ÇOCUKLARDA DA PAZARTESİ SENDROMU OLUR

Tıpkı yetişkinler üzere çocuklarda da pazartesi sendromu olabileceğini belirten Barış Sezgin kelamlarını şu biçimde sürdürdü:

“Pazartesiden cumaya okula alışan çocuk, yeni bir haftaya başladığında benzeri ahenk meselelerini yaşayabilir. Bu durumda aileler bir daha birinci günlerde sergiledikleri tavrı devam ettirmeli. Ayrıyeten mide bulantısı, karın ağrısı üzere psikosomatik durumlar oluşabilir. Dert bazlı yaşanan bu durumlar kriz haline getirilerek ödüllendirilmemeli. Çocukta ‘karnım ağrırsa okula göndermezler’ algısı oluşmamalı.”

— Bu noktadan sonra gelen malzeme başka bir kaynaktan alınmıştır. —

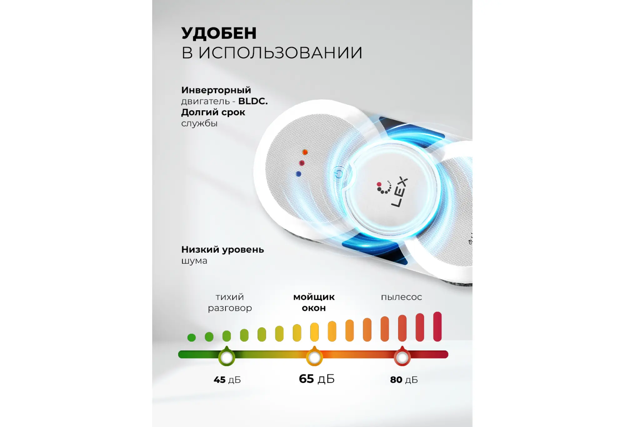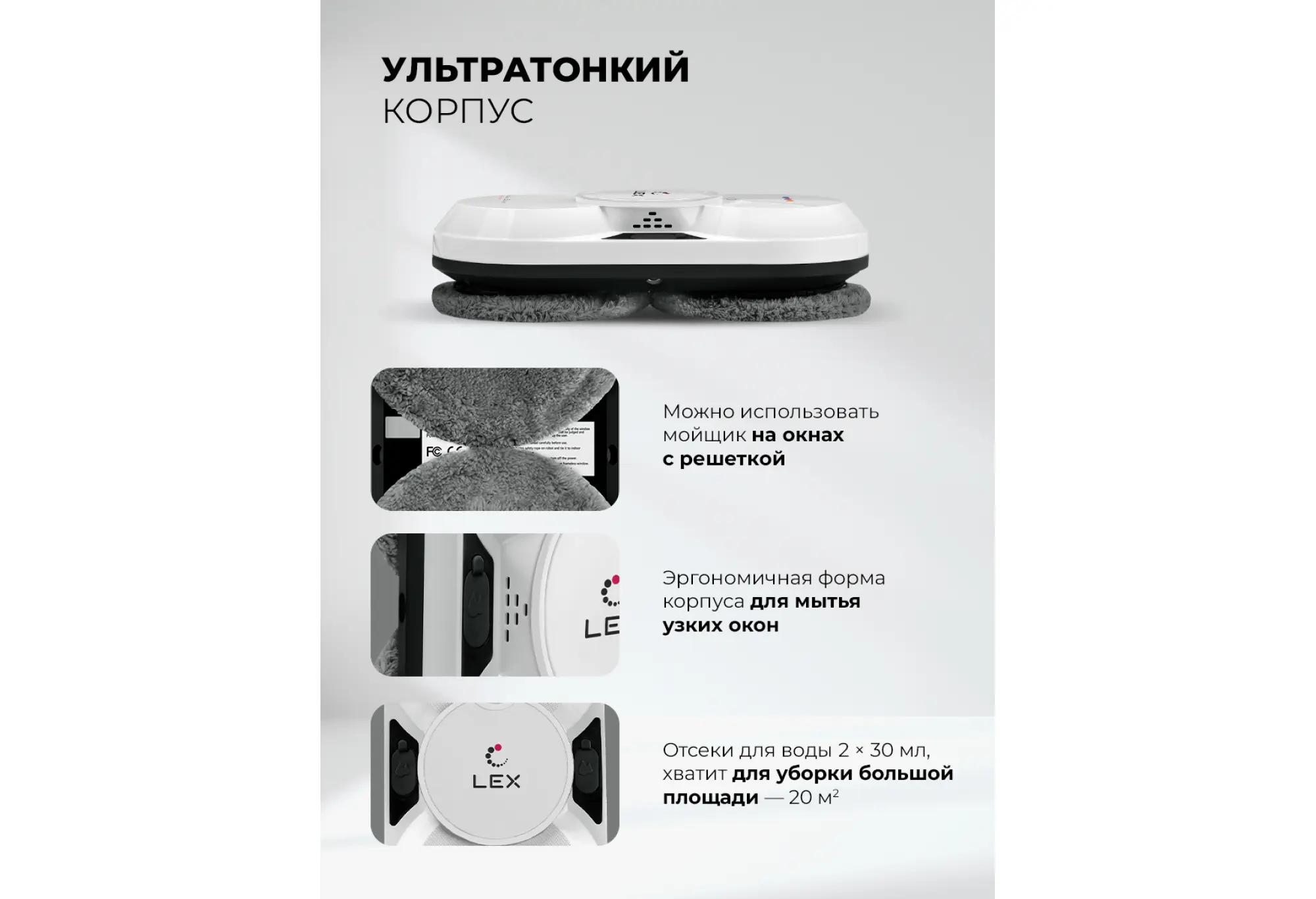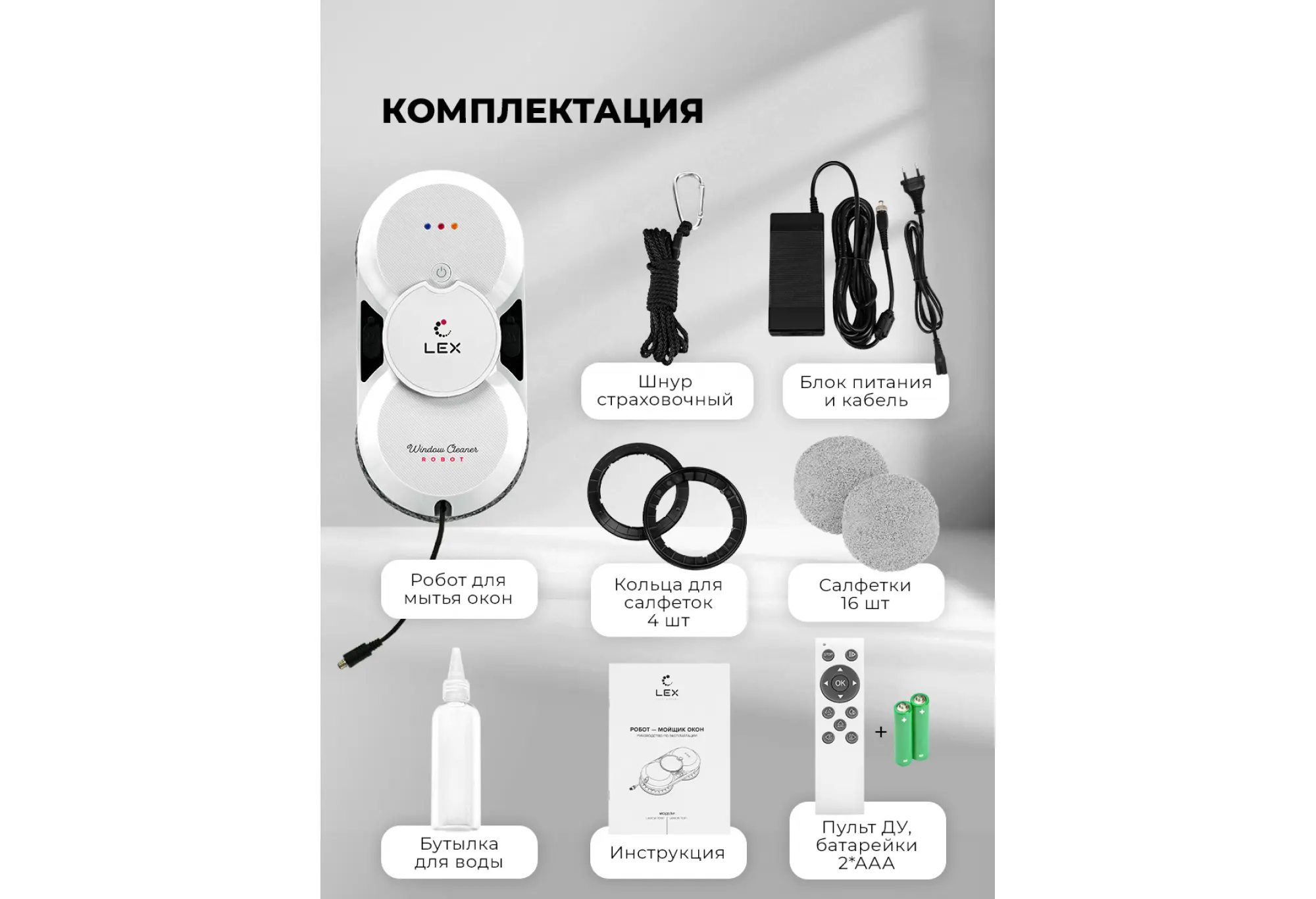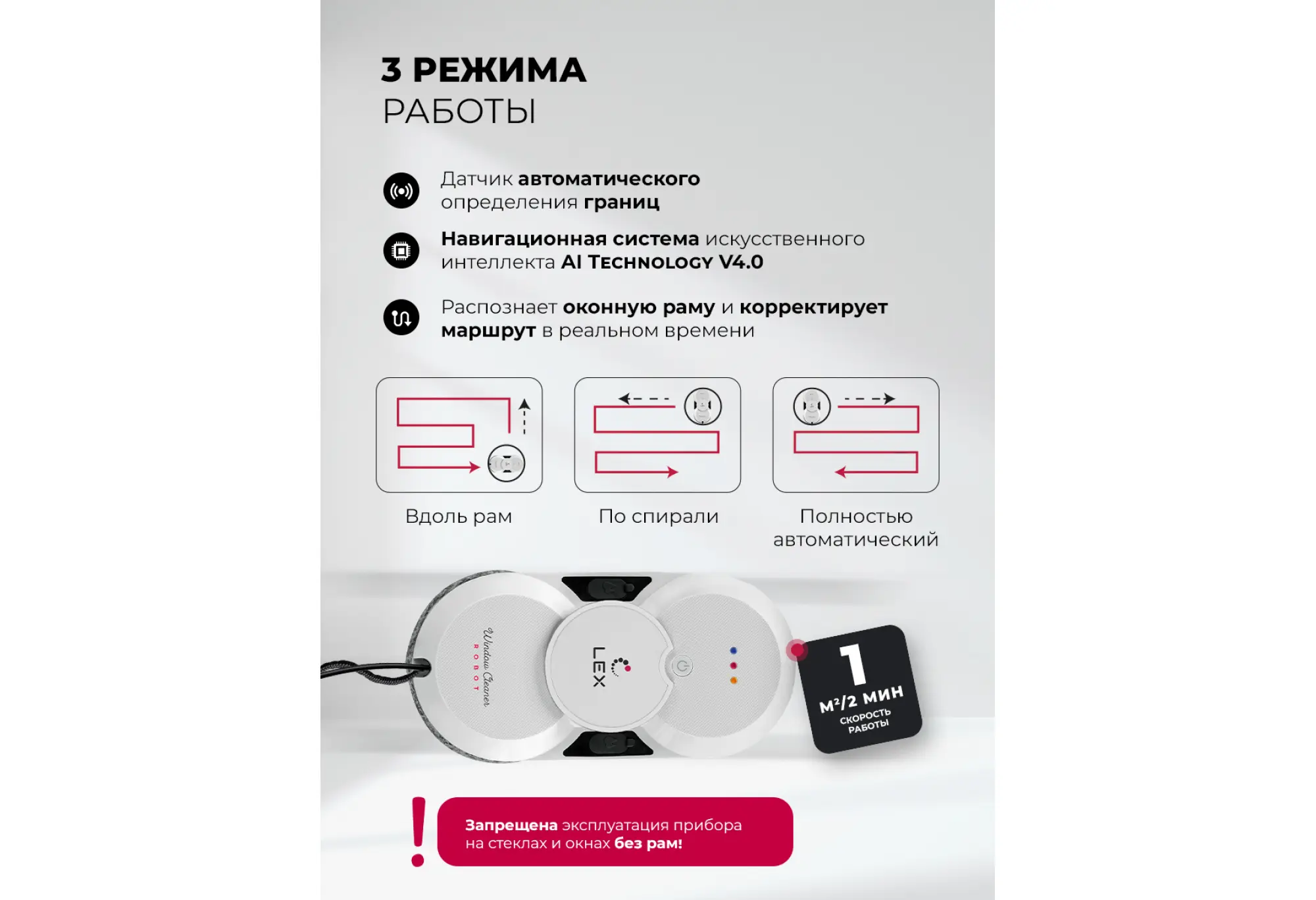 Робот-мойщик LXVCW7091 до блеска очистит стекла и плитку, пока вы будете заниматься любимым делом или просто отдыхать. Модель автоматически определяет границы рабочей поверхности и рассчитывает траекторию движения. Для удобного и безопасного использования в комплект входят удлинитель сетевого кабеля и прочный страховочный трос. Устройство имеет несколько режимов работы и может выполнять сухую или влажную уборку. Для управления можно использовать пульт и приложение на смартфоне. Робот оснащен современным бесщеточным двигателем и резервным аккумулятором.
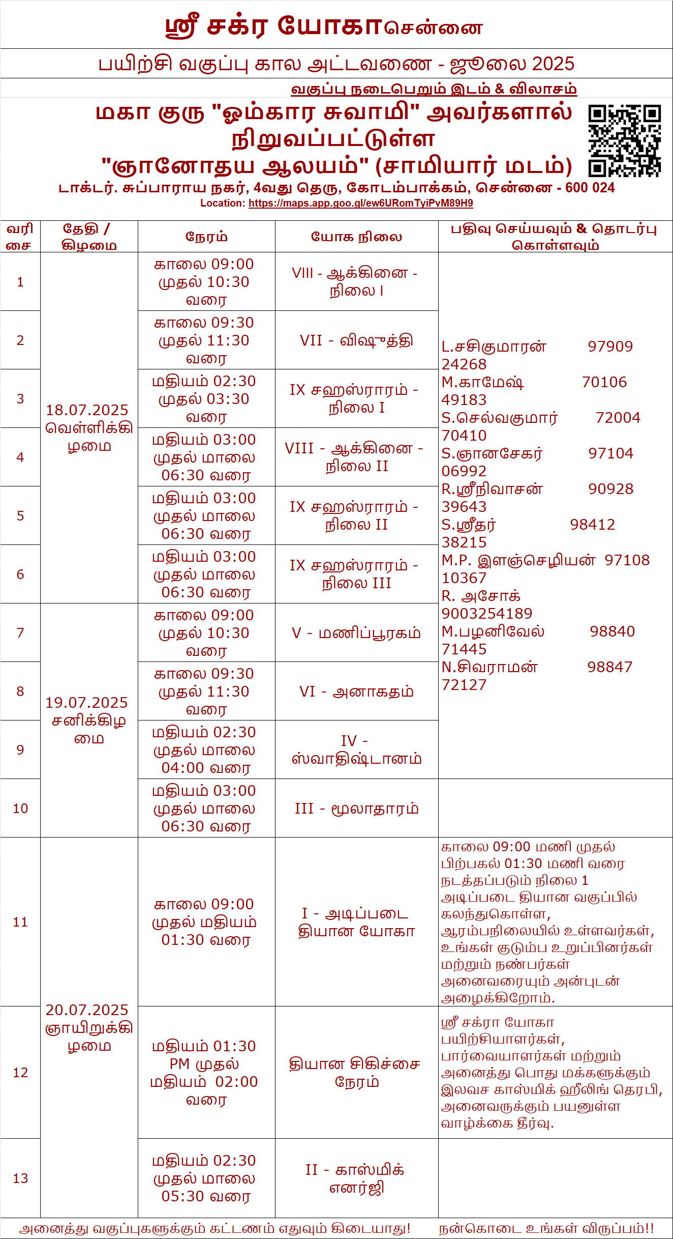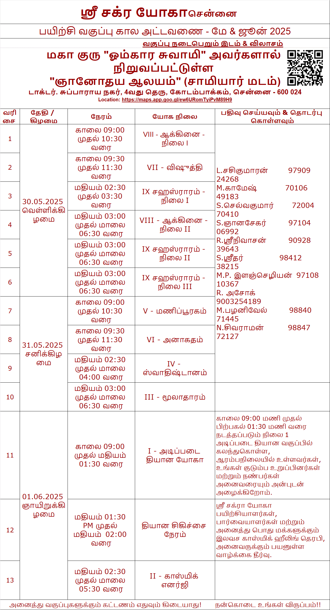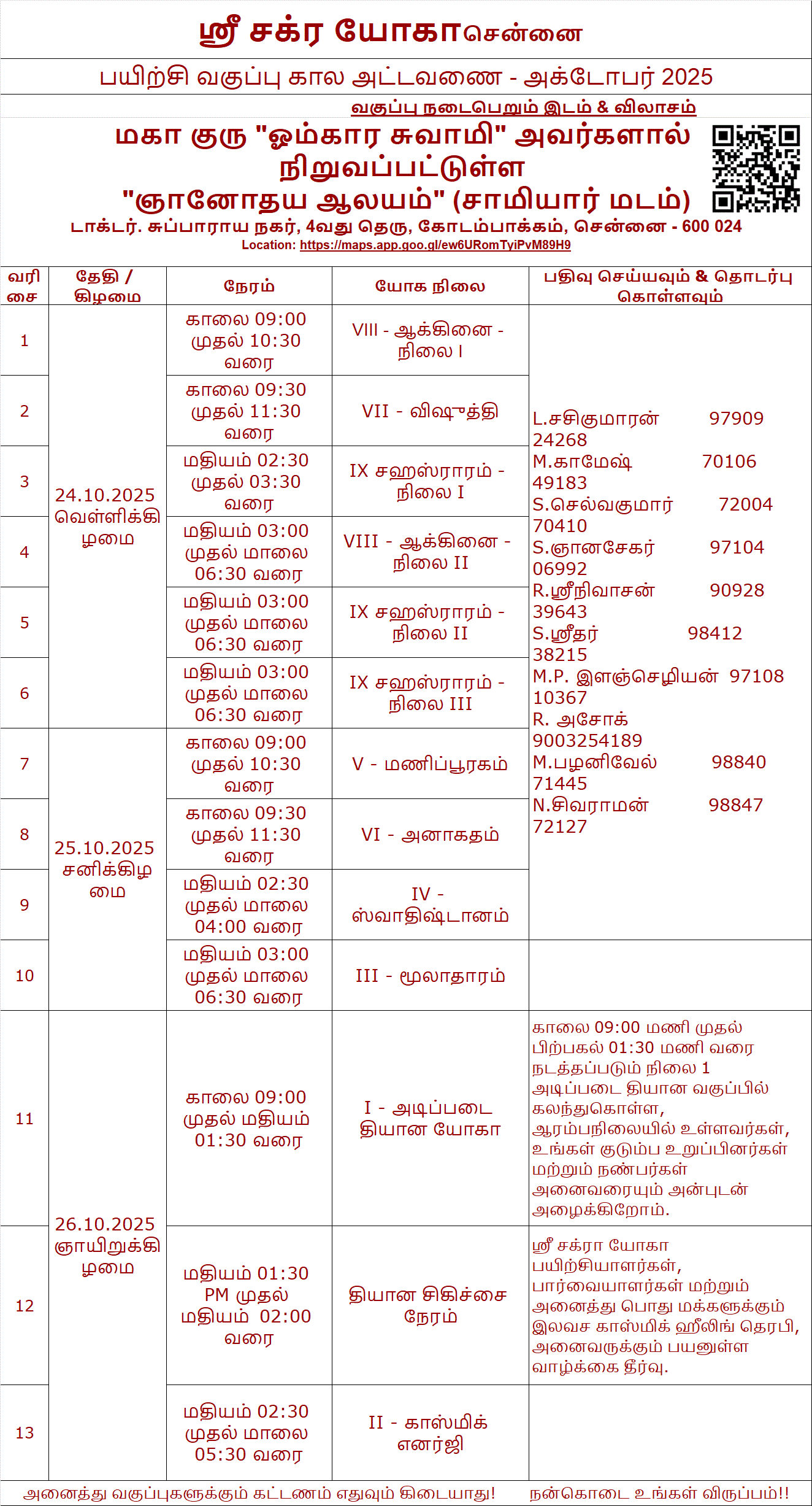 The one who got the mercy and blessings of the Divine, who belongs to the district of Namakkal is RAJA SUNTHARA SWAMY alias S.K.SUNTHARARAJAN is conducting Meditation class once in 48 days one by one.

ÖĞRETMENLER MÜZİĞİN VE OYUNUN GÜCÜNDEN YARARLANMALI

Öğretmenlerin de en kısa vakitte öğrencilerle itimat bağı kurması gerektiğini belirten Sezgin “Çocuğun en önemli işi oyundur. Çocuklara çokça oyun oynatarak okula ahenk süreci kolaylaştırılabilir. Öğretmenler bilgi vermenin yanı sıra birinci vakit içinderda çocukların hislerine ulaşmalı. Öğrencilerin okulu sevmelerini sağlamak değerli. Öğretmenler kesinlikle çocukların ismini öğrenmeli. Bir çocuğa ismiyle hitap etmek, onu kabul etmek ve birey olarak algılamak manasına gelir. Müziğin ve fotoğrafın gücünden yararlanarak çocukları motive etmek tesirli bir prosedürdür. Derslerde bol ölçüde müzikler çalıp, fotoğraflar çizdirebilir. Çocuklara küçük sürprizler hazırlayıp, gün sonunda takdir edebilirler. Ayrıyeten sınıf kuralları çocuklarla birlikte belirlenmeli ve tutarlılık sağlanmalı. Kendi fikirleri de kurallara dahil edildiğinde çocuklar kurallara daha epeyce ahenk sağlıyor” diyerek öğretmenlere tekliflerde bulundu.